* Source data
▬▬▬▬▬▬

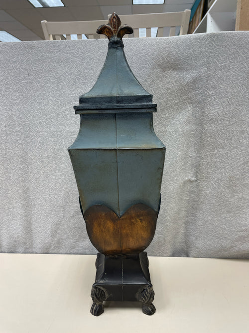 BLUE BROWN METAL LIDDED CONT
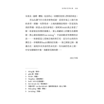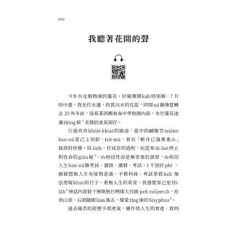 現此時咱需要閣khah濟台語文作品,這嘛是我出版這本冊的動機,我kā 2002年到tann所寫的台語散文,tîng修改、整理出版。想beh為台語文主流化盡淡薄仔心力,想講文章已經出世矣,應該愛予人有機會讀著咱媠khuì的母語文學作品。
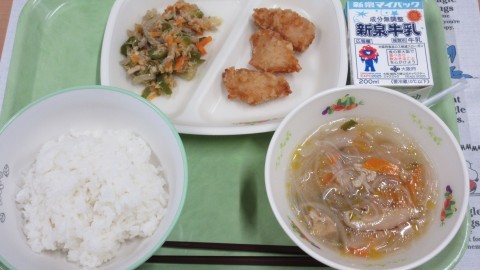 本日9月29日(月)はごはん・牛乳・鶏肉のから揚げ・ツナピーマン・春雨スープです。
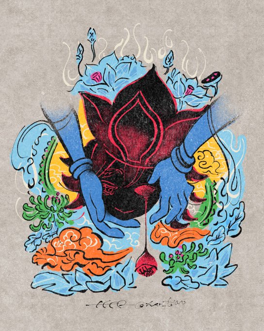 #三億アカウントの中から私を発掘してください 仏画や染付や墨画のような絵を描くフリーランスイラストレーターです。 漫画とアニメと特撮が好きです。 今までのお仕事やご依頼につきましてはwebサイトをご覧下さい🐫🌙 🔗web her.main.jp ⚠️作品の無断転載・使用はご遠慮下さい

▬▬▬▬▬▬

* Exercise prompt
Copy exactly, and only, the lines from the first line of the material through the line that contains "本日9月29日(月)はごはん", both ends kept; no pictures.

* Task answer
 BLUE BROWN METAL LIDDED CONT
 現此時咱需要閣khah濟台語文作品,這嘛是我出版這本冊的動機,我kā 2002年到tann所寫的台語散文,tîng修改、整理出版。想beh為台語文主流化盡淡薄仔心力,想講文章已經出世矣,應該愛予人有機會讀著咱媠khuì的母語文學作品。
 本日9月29日(月)はごはん・牛乳・鶏肉のから揚げ・ツナピーマン・春雨スープです。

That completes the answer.